Y huyó.
Cogió a su madre y a su tía y se marcharon serpenteando por los pasillos secretos del plenum todo lo rápido que pudo llevarles.
Luz blanca y oscuridad parpadeante y un movimiento incesante…Karen no podía hacer otra cosa más que seguirle.
Sintió que Michael iba un paso por delante y Laura uno por detrás, como eslabones en la cadena, y que el Hombre Gris les pisaba los talones como un mal augurio, la sombra de un nubarrón.
No podía calcular la distancia que recorrían. No había palabras para aquellas distancias. El mundo… los mundos… se habían convertido en una bruma, un paisaje mezclado demasiado difuso para que el ojo lo comprendiera. Se sintió desorientada, ingrávida, perdida en un espacio intermedio indefinido, en una neblina de ubicaciones. Sintió que llegaba al límite.

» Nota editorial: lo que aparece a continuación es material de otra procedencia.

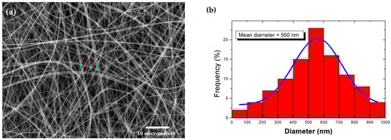 - Malašauskiene, J.; Milašius, R.; Kuchanauskaitė, E. Possibilities for the Estimation of Electrospun Nanofibre Diameter Distribution by Normal (Gaussian) Distribution. Fibres Text. East. Eur. 2016, 24, 23–28. [Google Scholar] [CrossRef]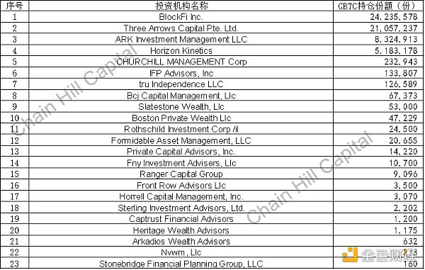 23家持倉機構里有部分機構旗下多只產品分散持有灰度比特幣信托,一共有29個機構級賬戶持有信托份額。

Cerró los ojos y se agarró con todas su fuerzas. Pero era agotador. No sólo era el esfuerzo de Michael, sino el de Laura y el suyo. Sobre todo, era agotador porque llevaba sin poner en práctica su talento desde la niñez; sin Michael no lo habría logrado. Sentía una fatiga que trascendía lo físico; era un agotamiento de posibilidades, y le lastraba como si fuese un ancla.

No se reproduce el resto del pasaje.